- [SUPPLIED INFORMATION]
* * * *

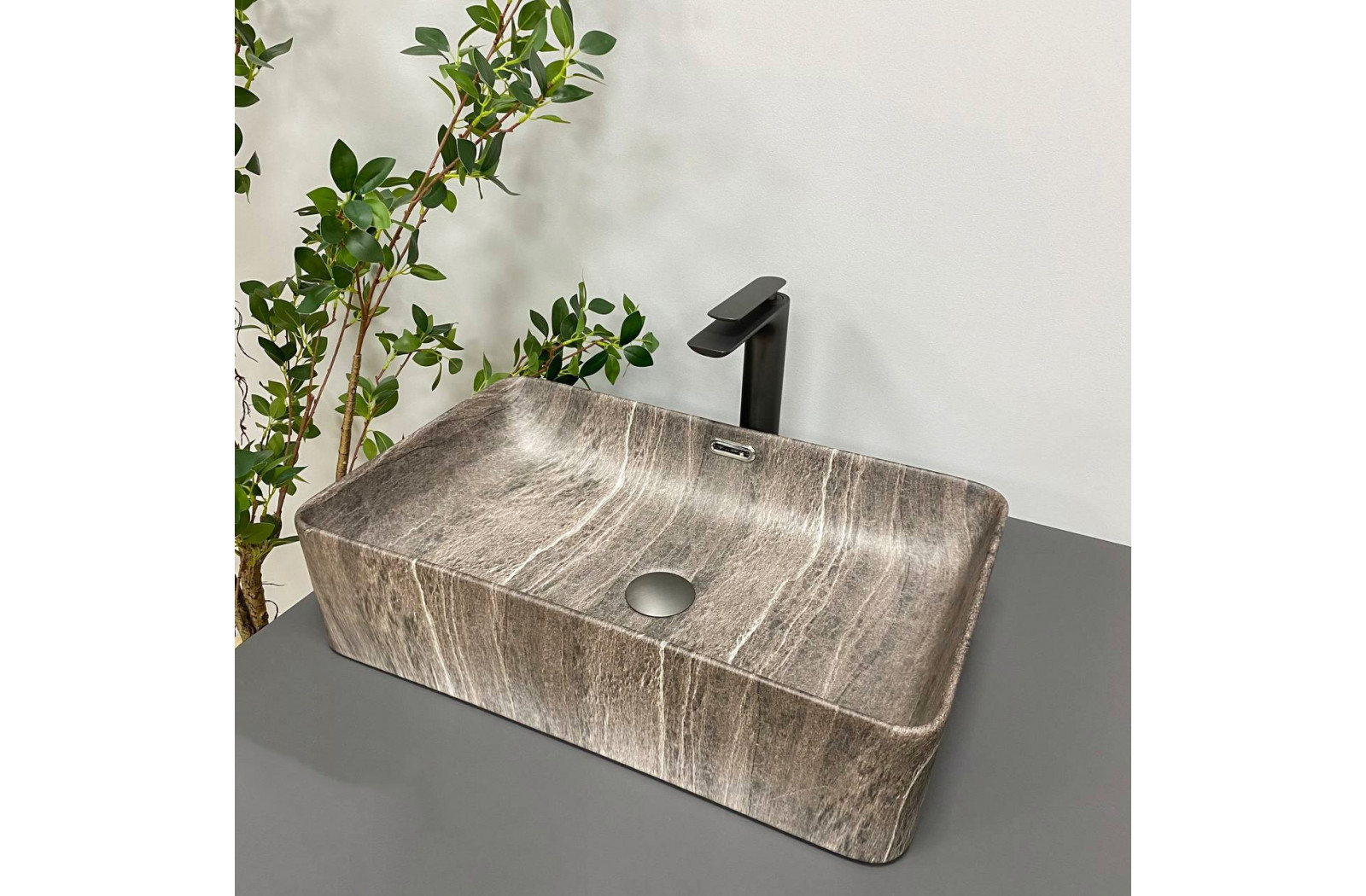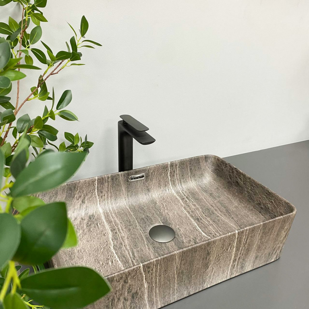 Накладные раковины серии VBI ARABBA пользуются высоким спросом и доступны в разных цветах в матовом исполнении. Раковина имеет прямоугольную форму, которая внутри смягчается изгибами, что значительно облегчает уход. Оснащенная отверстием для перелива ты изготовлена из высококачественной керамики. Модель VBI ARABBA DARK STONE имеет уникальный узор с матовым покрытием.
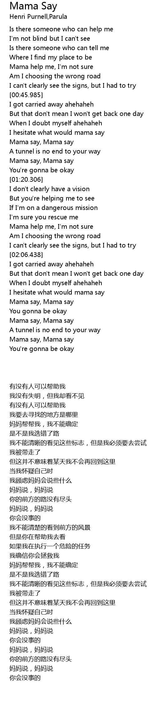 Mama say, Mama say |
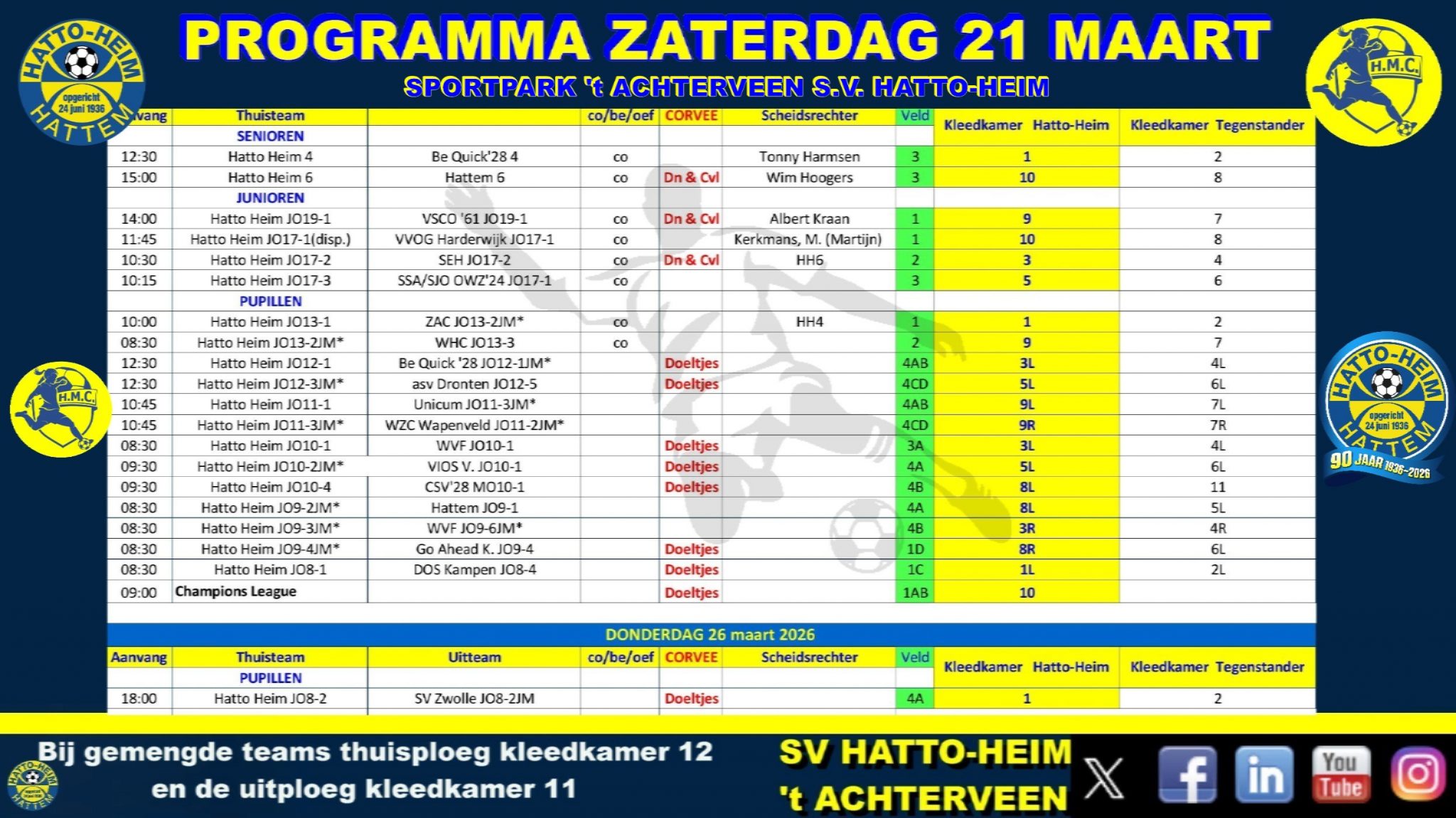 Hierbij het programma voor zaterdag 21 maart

* * * *

The exact lines from the one containing "Mama say, Mama say |" through the end of the data are to be copied, with both ends kept and pictures left out.

 Mama say, Mama say |
 Hierbij het programma voor zaterdag 21 maart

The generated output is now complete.